## [Work instruction]
Pictures stay out; everything else in the records gets transcribed exactly.

## [Input data]
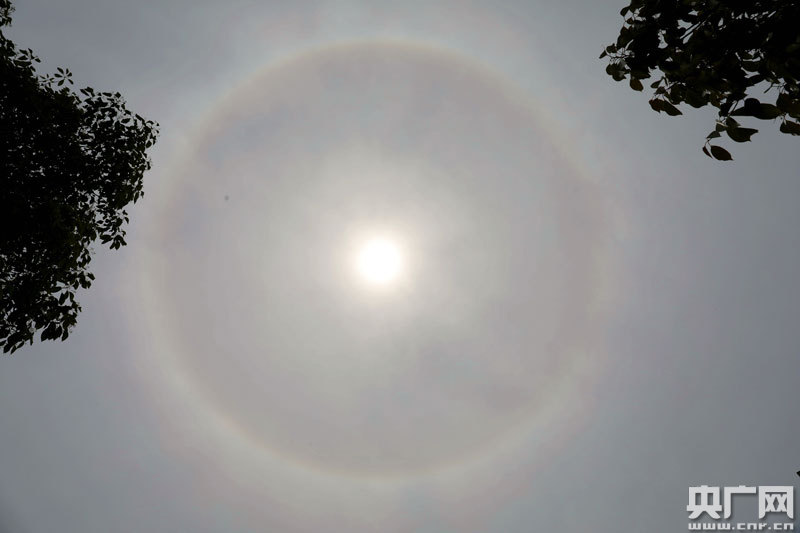 4月24日中午12點40分左右,江西省分宜縣上空出現(xiàn)了難得一見的日暈現(xiàn)象,整個太陽發(fā)出耀眼的白色光團,在白色光團的圍攏下,用肉眼無法看清太陽的輪廓,感覺太陽比平時增大了上百倍,在太陽光團的外圍出現(xiàn)一個環(huán)形彩色光環(huán),猶如彩虹一般,日暈現(xiàn)象持續(xù)了一個多小時后才漸漸消失。
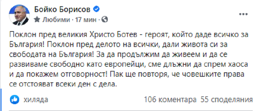 “Поклон пред великия Христо Ботев - героят, който даде всичко за България!". Това написа във Фейсбук лидерът на ГЕРБ Бойко Борисов по повод на днешния 2 юни.
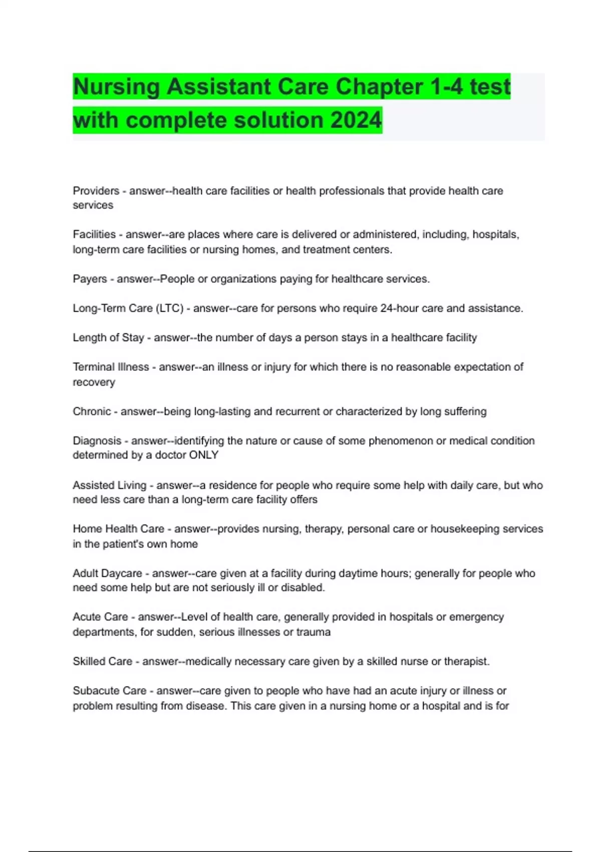 Nursing Assistant Care Chapter 1-4 test with complete solution 2024
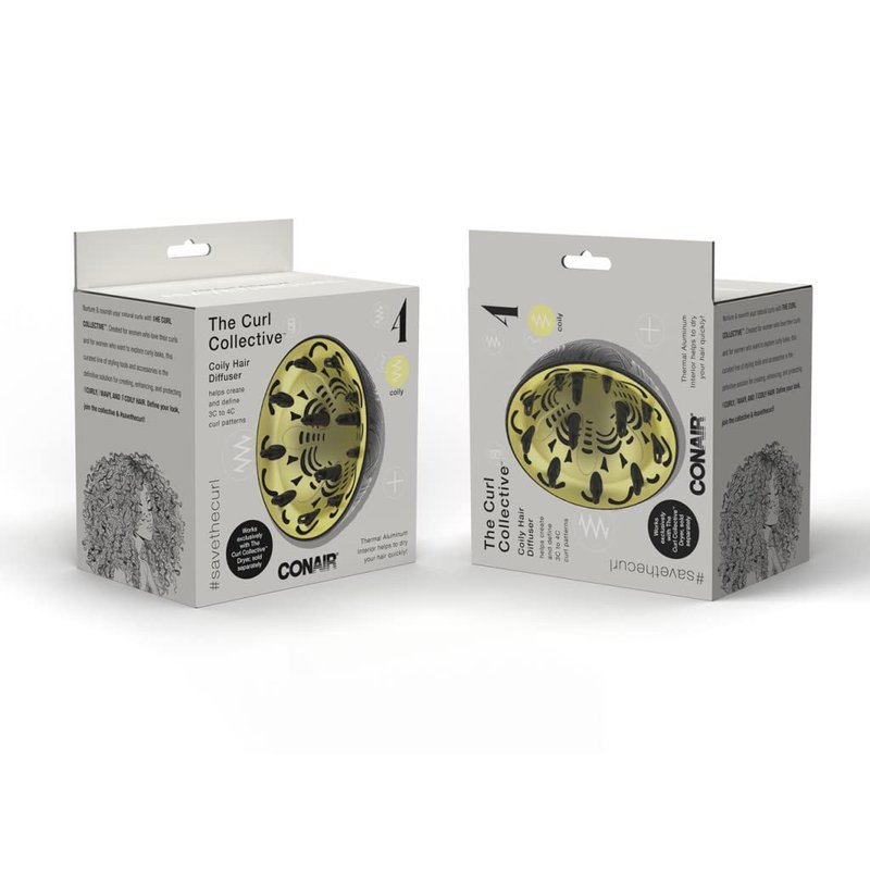 - Conair Curl Collective Exclusive: this Coily Diffuser is custom-designed for use with The Curl Collective 1875 Watt Ionic Ceramic Hair Dryer.
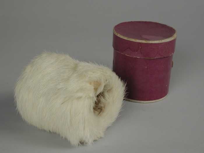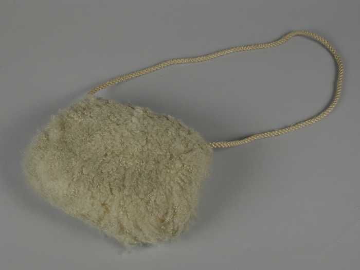 Kleine mof van krullerige witte wol, voering van crè...
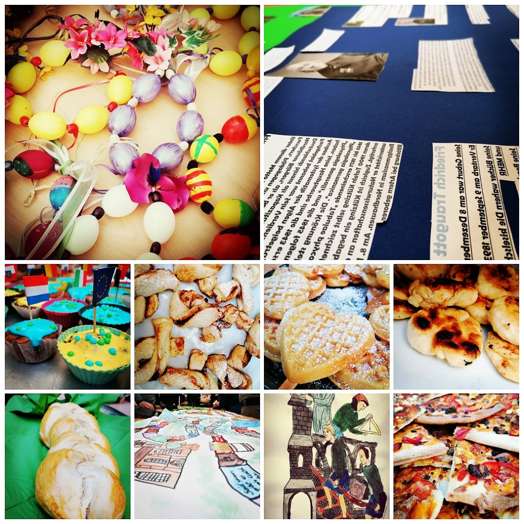 Die drei Praxisklassen 7p,8p und 9c hatten sich Ostern auf die Fahne geschrieben. Die Schüler bastelten Ostereierkränze, backten geflochtene Hefezöpfe und stellten leckere Orangen-Apfel-Möhren-Marmelade her. Daneben erfuhren die Schüler wissenswertes über Ostertraditionen anderer Länder.

## [Exercise response]
 4月24日中午12點40分左右,江西省分宜縣上空出現(xiàn)了難得一見的日暈現(xiàn)象,整個太陽發(fā)出耀眼的白色光團,在白色光團的圍攏下,用肉眼無法看清太陽的輪廓,感覺太陽比平時增大了上百倍,在太陽光團的外圍出現(xiàn)一個環(huán)形彩色光環(huán),猶如彩虹一般,日暈現(xiàn)象持續(xù)了一個多小時后才漸漸消失。
 “Поклон пред великия Христо Ботев - героят, който даде всичко за България!". Това написа във Фейсбук лидерът на ГЕРБ Бойко Борисов по повод на днешния 2 юни.
 Nursing Assistant Care Chapter 1-4 test with complete solution 2024
 - Conair Curl Collective Exclusive: this Coily Diffuser is custom-designed for use with The Curl Collective 1875 Watt Ionic Ceramic Hair Dryer.
 Kleine mof van krullerige witte wol, voering van crè...
 Die drei Praxisklassen 7p,8p und 9c hatten sich Ostern auf die Fahne geschrieben. Die Schüler bastelten Ostereierkränze, backten geflochtene Hefezöpfe und stellten leckere Orangen-Apfel-Möhren-Marmelade her. Daneben erfuhren die Schüler wissenswertes über Ostertraditionen anderer Länder.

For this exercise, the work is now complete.